It is important that everyone know two ways out of the house. It is more important to have a plan on how you can help everyone be safe. Until about age ten, children will often need help during such a scary and stressful event as a fire. Plans need to be made to protect those who may not wake to the alarm or who cannot get out on their own.
1. When you hear the sound of the alarm, stop what you are doing and walk outside,
2. Know two ways out of every room,
3. Get outside quickly, and
4. Wait at your Outside Meeting Place.
A good meeting place is in front of the home, a little distance from the building. Sidewalks, trees, and mailboxes are common Outside Meeting Places. Have only ONE Outside Meeting Place that everyone can find. If you exit far from the meeting place, walk until you reach the meeting place.

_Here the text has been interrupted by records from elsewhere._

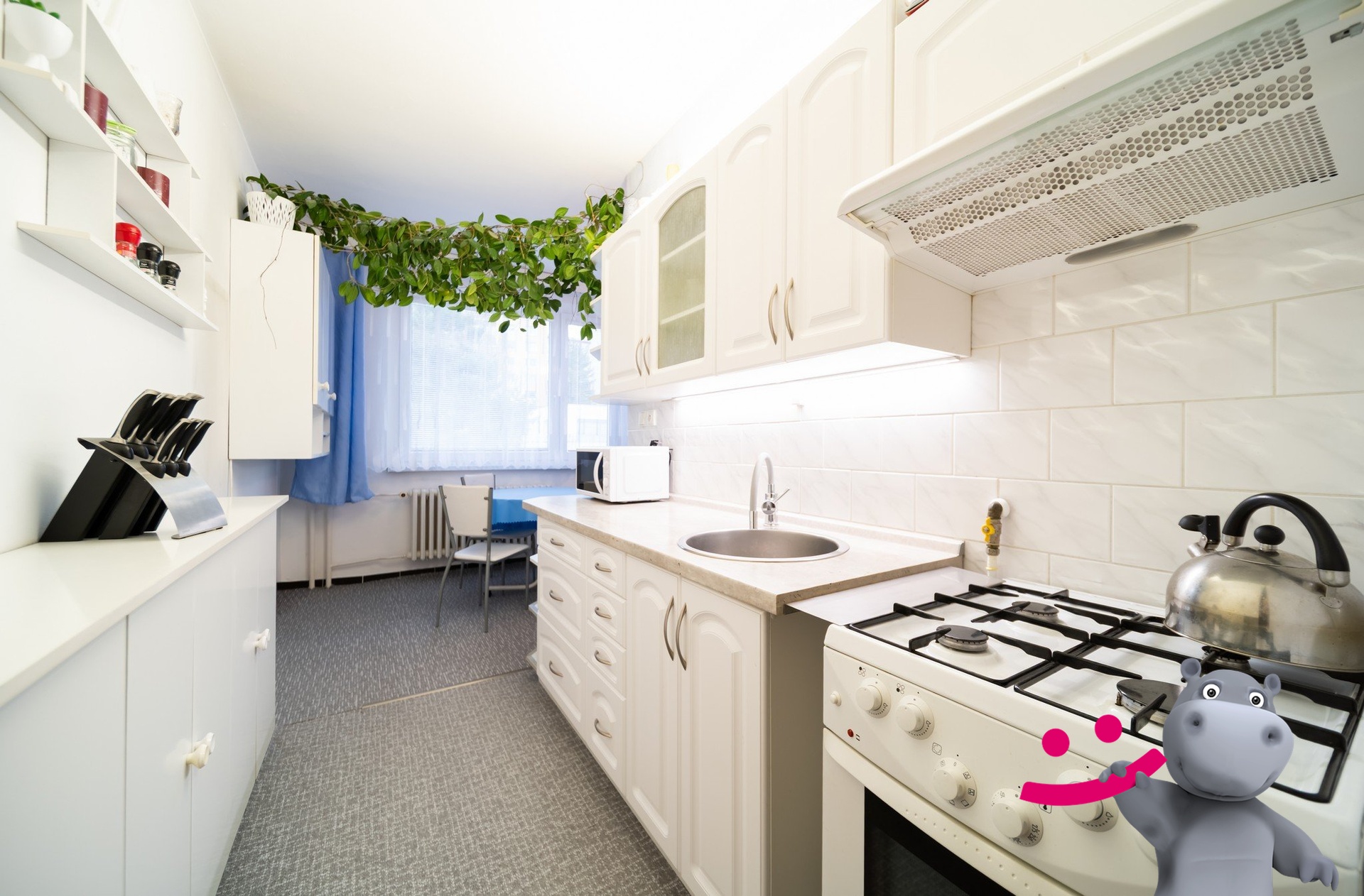 Ačkoli jste oficiálně na sídlišti, díky umístění bytu máte všechno doslova na dosah ruky – obchody, služby, MHD i školu – všude jste chůzí opravdu za minutu.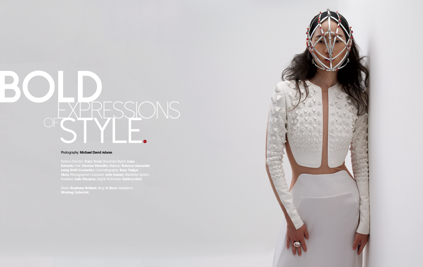Creative Direction: Adam Angelides; Fashion Director: Tracy Trouf; Stylist: Oliver Vaughn; Hair: Vicky Demetriou; Makeup: Mira Parmar; Cinematography: Liam Cushing; Digital Technician: Laimonas; Photo Assistant: Alex Cornes; Location: Lock Studios, London, UK; Shirt: Atsuko Kudo; Skirt: Malgorzata Dudek; Cuffs: Ralph Masri; Necklace: Eshvi; Ring: Charlotte Valkeniers; Shoes: Jerome C. Rousseau; Skullcap: Robyn Coles Millinery; Stockings: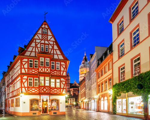Germany, Rhineland-Palatinate, Mainz, Half-timbered house and illuminated old town street at night

If you are unable to get outside, stay away from the smoke and heat. Find a place with as many closed doors and walls between you and the fire. Once you have found a room without smoke or heat, close the door and always keep it closed. Call 9-1-1 if you can. Signal from a closed window if you can. Fire fighters will search the inside of every room when they arrive and move you to safety.

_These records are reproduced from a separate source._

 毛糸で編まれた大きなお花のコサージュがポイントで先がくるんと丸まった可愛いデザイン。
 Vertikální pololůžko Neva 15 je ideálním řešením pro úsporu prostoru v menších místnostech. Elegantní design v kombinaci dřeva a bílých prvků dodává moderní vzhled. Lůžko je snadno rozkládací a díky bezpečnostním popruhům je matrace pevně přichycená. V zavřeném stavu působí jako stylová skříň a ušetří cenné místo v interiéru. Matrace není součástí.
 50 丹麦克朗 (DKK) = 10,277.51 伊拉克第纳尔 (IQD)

Fire is so fast we no longer teach the steps of staying low under the smoke or feeling the door. They are still good things to do but they don't work every time. A warm door indicates danger but opening a cool door can result death as the fire pulls oxygen out and pushes poisons in. The heat of the smoke forces most people to the floor. Near flashover, the flooring produces poisons. The process of feeling the door can make learning how to escape complicated. It is better to focus on preventing fires; install fire sprinklers; have interconnected, working smoke alarms; be able to make a quick escape; have a meeting place; and know how to create a safe place inside to wait for help.